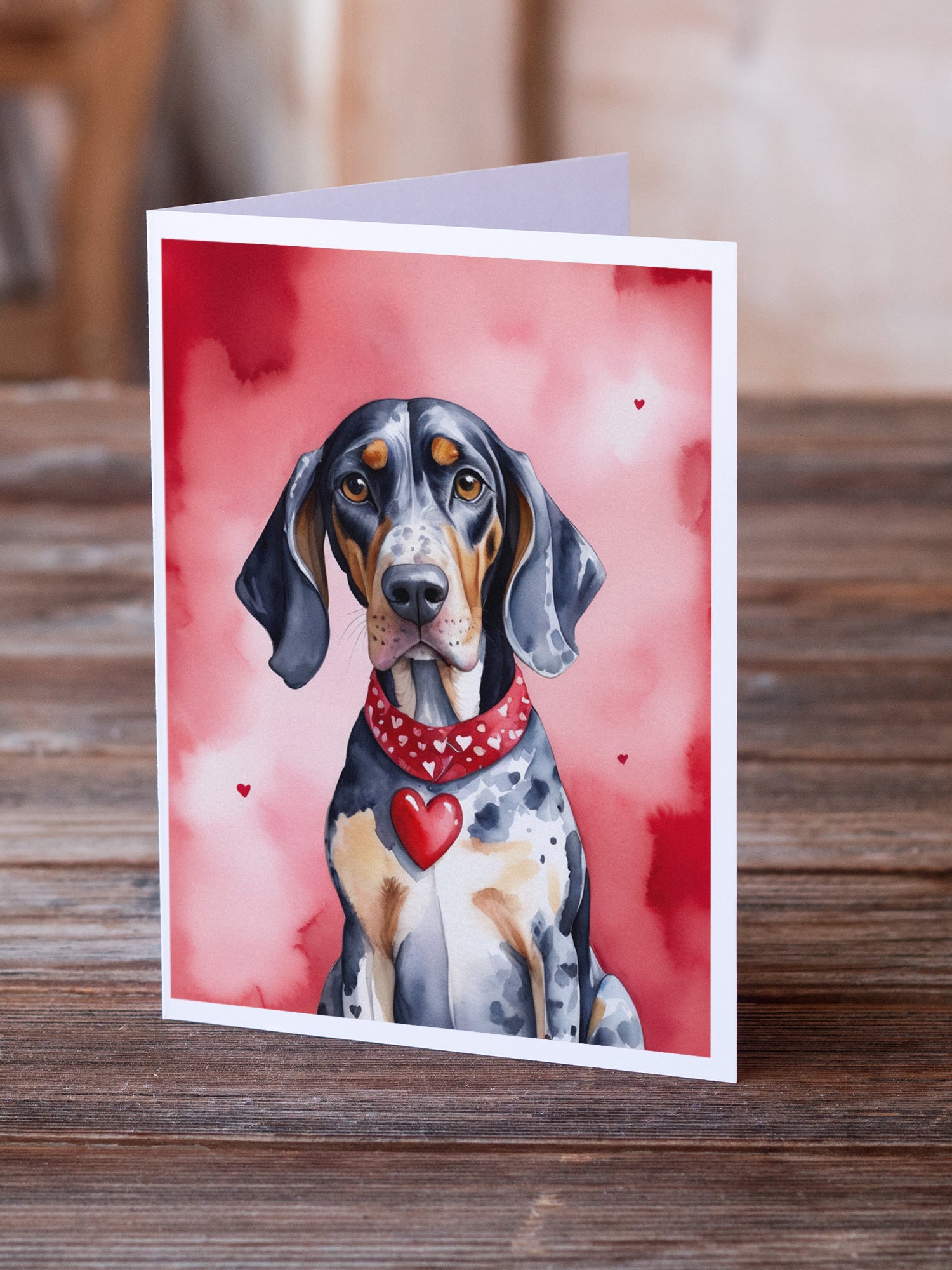 Greeting Cards Pack of 8 featuring breed specific Bluetick Coonhound artwork. Celebrate Valentine's Day with this Valentine's Day . Celebrate special moments with Caroline's Treasures Printed Greeting Card Pack. This pack includes eight beautifully folded 5x7 cards, accompanied by eight matching white envelopes. With blank interiors, these cards provide ample space for your personalized messages and heartfelt holiday greetings. Each card features captivating full-color artwork, meticulously printed in our facility on high-quality 80 lb cover stock or 216 GSM. The super smooth finish of the white cards enhances the visual impact of the artwork, creating a truly stunning presentation. Designed by our talented in-house artists or licensed artists, the artwork on these cards showcases their creativity and attention to detail. From vibrant illustrations to captivating designs, each card tells its own unique story. Whether it's for birthdays, anniversaries, holidays, or any special occasion, Caroline's Treasures Greeting Card Pack is the perfect way to convey your heartfelt sentiments. Share joy, love, and warm wishes with these exquisite cards and make every moment unforgettable.
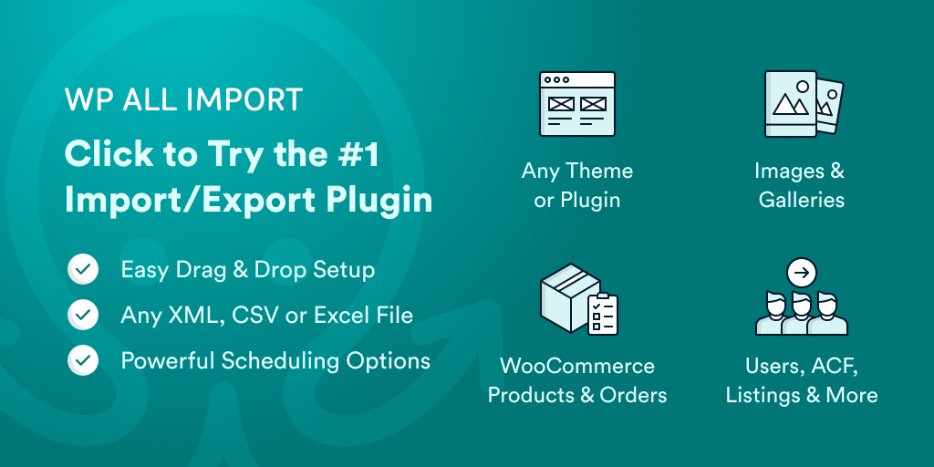 Advanced XML & CSV Imports - WP All Import In-Depth Overview Coupons. Reviews. Google Merchant Center. ACF. Overview. Text Fields. Picker Fields. Media Fields. ... Code Snippets. Action Reference. WP-CLI. Add-On API. Overview. Add-On Structure. Text Fields. ... Import CSV and XML files to WordPress, or export from WordPress to Excel and other formats. Founded in 2011, we are the trusted solution for over ...
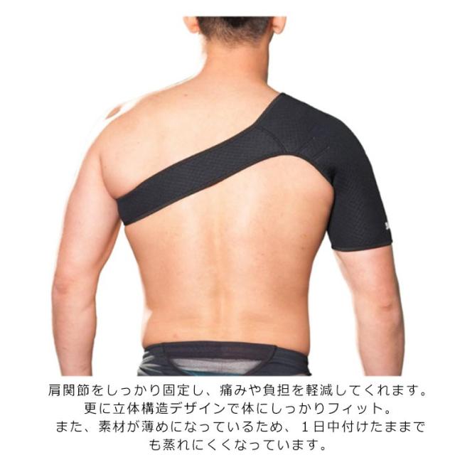 | 慣れないリモートワークでの慢性的肩こり、痛くて腕が回せない四十肩、五十肩、急な脱臼、捻挫などの怪我など、肩の痛み、悩みを抱えるあなたに! このサポーターで痛みの軽減を実感してください。 サポーターの強みはこの5点! しっかり固定 通気性 伸縮性 吸水性 耐久性 肩関節をしっかり固定し、痛みや負担を軽減してくれます。更に立体構造デザインで体にしっかりフィット。 また、素材が薄めになっているため、1日中付けたままでも蒸れにくくなっています。 高い伸縮性があり日常の動きをサポートします。 どんな体型の方にもしっかりフィットしてくれます。 ナイロン素材で水濡れや汗で湿ってしまっても、べたつきを軽減してくれます。 薄手でもしっかりとした生地のため耐久性が高く、長くご利用いただけます。 | |
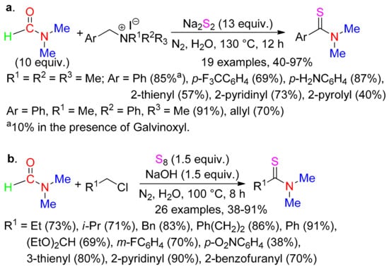 Various N,N-dimethyl thioamides have been synthetized under aqueous conditions from DMF and quaternary (hetero)benzyl ammonium iodides (Scheme 8a) [38] or primary (hetero)benzyl/alkyl chlorides (Scheme 8b) [39] using sodium disulfide or elemental sulfur and NaOH, respectively. The mechanism of these reactions is unclear. N,N-Dimethylbenzothioamide was not detected using N,N,N-dimethyl benzylamine instead of benzyl N,N,N-trimethyl ammonium iodide, and isolated in only 10% yield from the ammonium salt in the presence of a radical scavenger (Scheme 8a). According to Cheng’s team, the reaction leading to ArC=SNR3 involves radical cross-coupling between ArC∙HNR2 and Me2N∙ leading to ArCH(NR2)(NMe2) which evolves toward the corresponding imminium before undergoing addition of sulfur species, while Ge, Zhou, and co-workers, on the basis of controlling experiments and quantum chemical calculations, assumed a thioamidation of R1CH2Cl arising via the base-mediated formation of R1C⊖HCl followed by addition to a S7 cluster and then reaction with DMF.
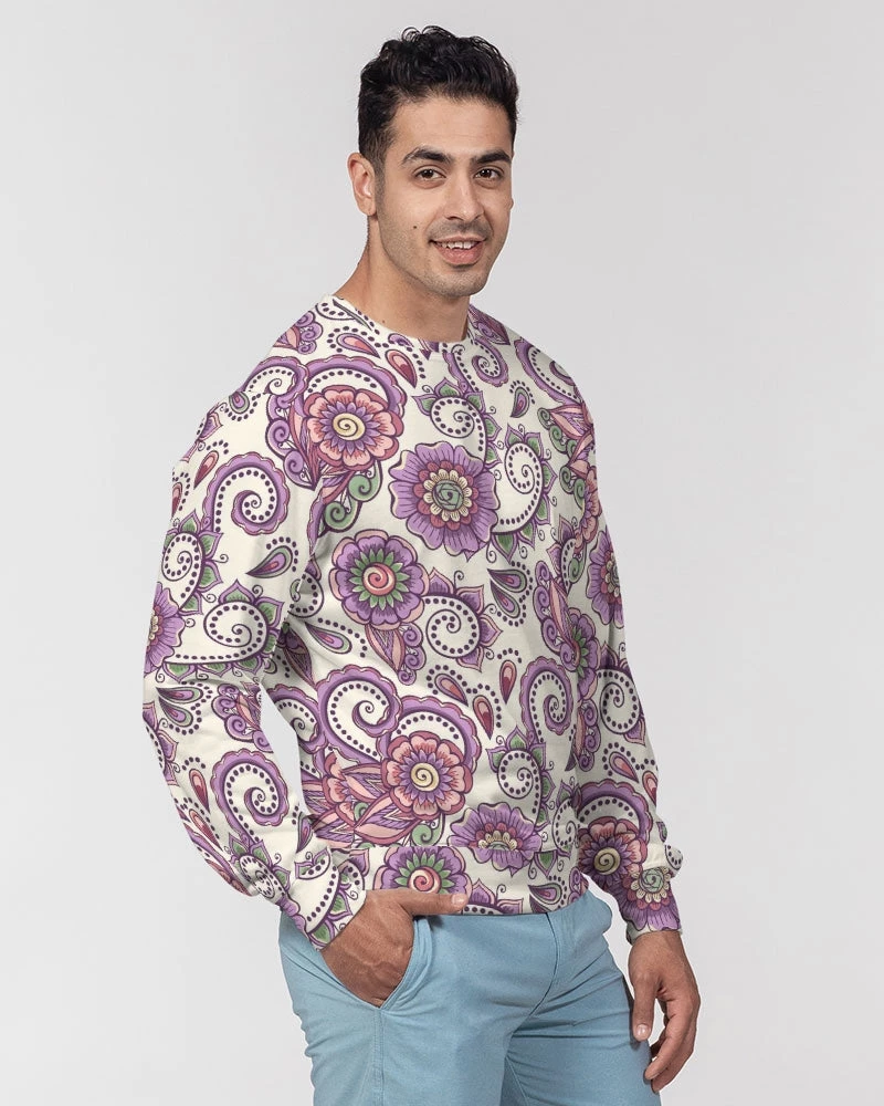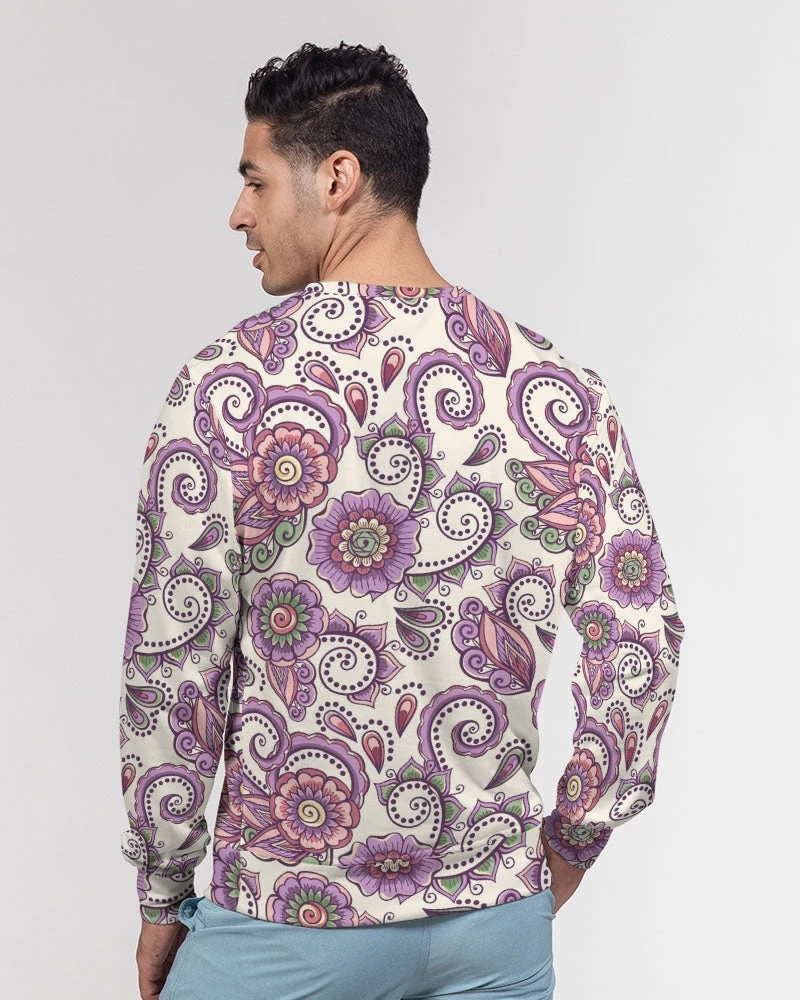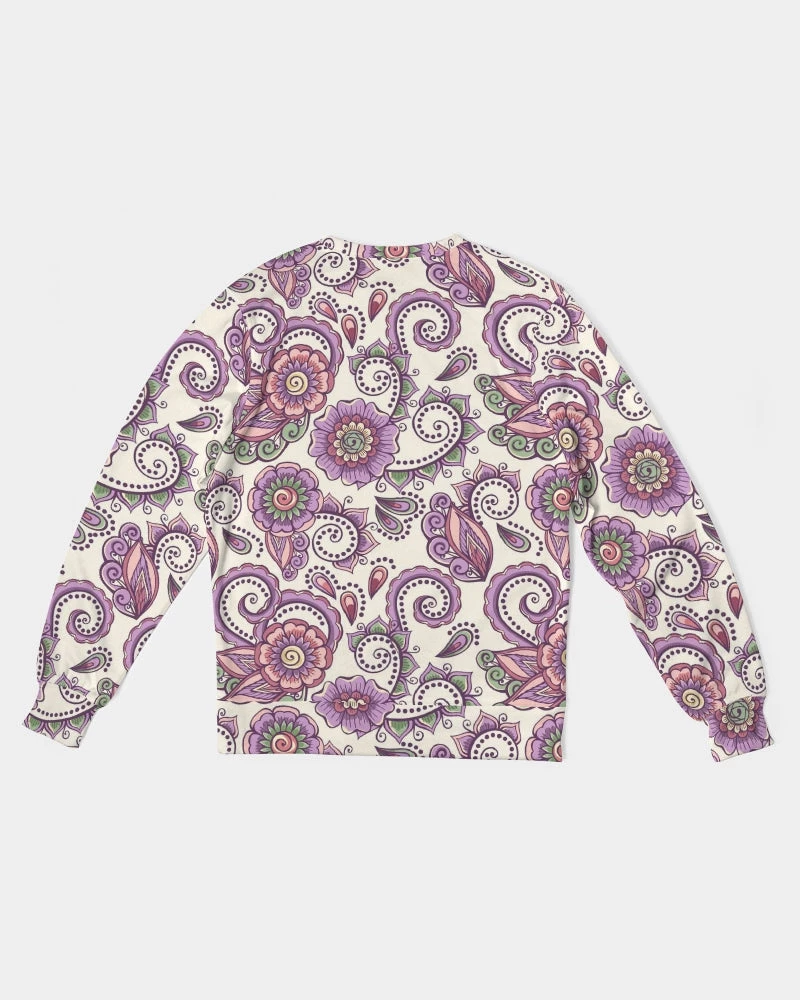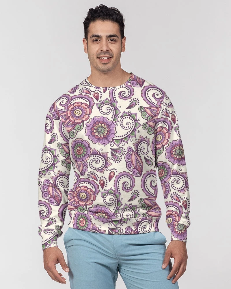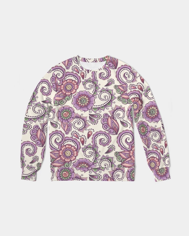 | Our Purple Cream Paisley Classic French Terry Crewneck Pullover has a bold all over paisley print. The regular fit is not too big, but not too tight so you can layer it or wear it alone. Finished with a smooth surface on the outside and loop knitting inside for the right amount of warmth and comfort.
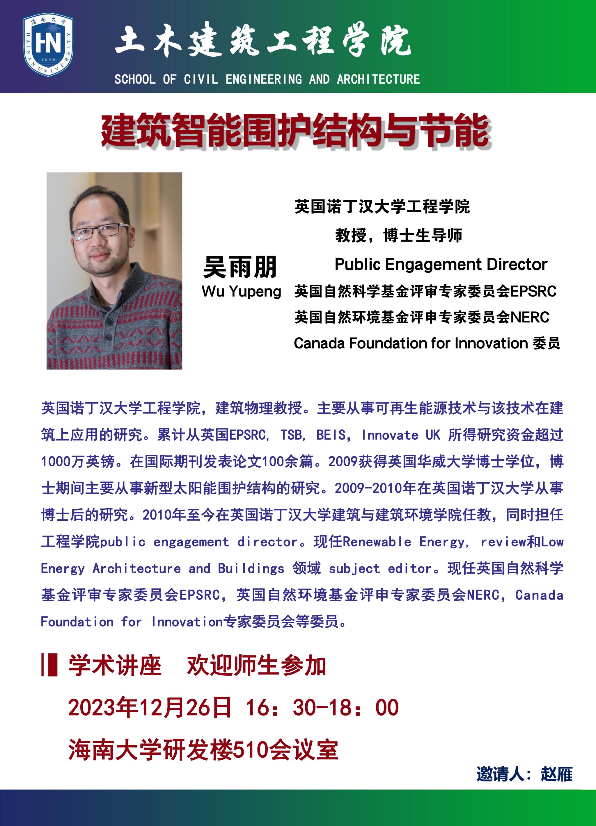 1226日(周二)16:30-1800在伟德BV1946官网研发楼510会议室,英国诺丁汉大学工程公司教授,博士生导师 Public Engagement Director(英国自然科学基金评审专家委员会EPSRC、英国自然环境基金评申专家委员会NERC、Canada Foundation for Innovation 委员),在公司做建筑智能围护结构与节能》学术报告。欢迎有兴趣的师生参加。

**Task to carry out**
Please set down every line of the data above precisely, dropping the images.

**Result below**
 Greeting Cards Pack of 8 featuring breed specific Bluetick Coonhound artwork. Celebrate Valentine's Day with this Valentine's Day . Celebrate special moments with Caroline's Treasures Printed Greeting Card Pack. This pack includes eight beautifully folded 5x7 cards, accompanied by eight matching white envelopes. With blank interiors, these cards provide ample space for your personalized messages and heartfelt holiday greetings. Each card features captivating full-color artwork, meticulously printed in our facility on high-quality 80 lb cover stock or 216 GSM. The super smooth finish of the white cards enhances the visual impact of the artwork, creating a truly stunning presentation. Designed by our talented in-house artists or licensed artists, the artwork on these cards showcases their creativity and attention to detail. From vibrant illustrations to captivating designs, each card tells its own unique story. Whether it's for birthdays, anniversaries, holidays, or any special occasion, Caroline's Treasures Greeting Card Pack is the perfect way to convey your heartfelt sentiments. Share joy, love, and warm wishes with these exquisite cards and make every moment unforgettable.
 Advanced XML & CSV Imports - WP All Import In-Depth Overview Coupons. Reviews. Google Merchant Center. ACF. Overview. Text Fields. Picker Fields. Media Fields. ... Code Snippets. Action Reference. WP-CLI. Add-On API. Overview. Add-On Structure. Text Fields. ... Import CSV and XML files to WordPress, or export from WordPress to Excel and other formats. Founded in 2011, we are the trusted solution for over ...
 | 慣れないリモートワークでの慢性的肩こり、痛くて腕が回せない四十肩、五十肩、急な脱臼、捻挫などの怪我など、肩の痛み、悩みを抱えるあなたに! このサポーターで痛みの軽減を実感してください。 サポーターの強みはこの5点! しっかり固定 通気性 伸縮性 吸水性 耐久性 肩関節をしっかり固定し、痛みや負担を軽減してくれます。更に立体構造デザインで体にしっかりフィット。 また、素材が薄めになっているため、1日中付けたままでも蒸れにくくなっています。 高い伸縮性があり日常の動きをサポートします。 どんな体型の方にもしっかりフィットしてくれます。 ナイロン素材で水濡れや汗で湿ってしまっても、べたつきを軽減してくれます。 薄手でもしっかりとした生地のため耐久性が高く、長くご利用いただけます。 | |
 Various N,N-dimethyl thioamides have been synthetized under aqueous conditions from DMF and quaternary (hetero)benzyl ammonium iodides (Scheme 8a) [38] or primary (hetero)benzyl/alkyl chlorides (Scheme 8b) [39] using sodium disulfide or elemental sulfur and NaOH, respectively. The mechanism of these reactions is unclear. N,N-Dimethylbenzothioamide was not detected using N,N,N-dimethyl benzylamine instead of benzyl N,N,N-trimethyl ammonium iodide, and isolated in only 10% yield from the ammonium salt in the presence of a radical scavenger (Scheme 8a). According to Cheng’s team, the reaction leading to ArC=SNR3 involves radical cross-coupling between ArC∙HNR2 and Me2N∙ leading to ArCH(NR2)(NMe2) which evolves toward the corresponding imminium before undergoing addition of sulfur species, while Ge, Zhou, and co-workers, on the basis of controlling experiments and quantum chemical calculations, assumed a thioamidation of R1CH2Cl arising via the base-mediated formation of R1C⊖HCl followed by addition to a S7 cluster and then reaction with DMF.
 | Our Purple Cream Paisley Classic French Terry Crewneck Pullover has a bold all over paisley print. The regular fit is not too big, but not too tight so you can layer it or wear it alone. Finished with a smooth surface on the outside and loop knitting inside for the right amount of warmth and comfort.
 1226日(周二)16:30-1800在伟德BV1946官网研发楼510会议室,英国诺丁汉大学工程公司教授,博士生导师 Public Engagement Director(英国自然科学基金评审专家委员会EPSRC、英国自然环境基金评申专家委员会NERC、Canada Foundation for Innovation 委员),在公司做建筑智能围护结构与节能》学术报告。欢迎有兴趣的师生参加。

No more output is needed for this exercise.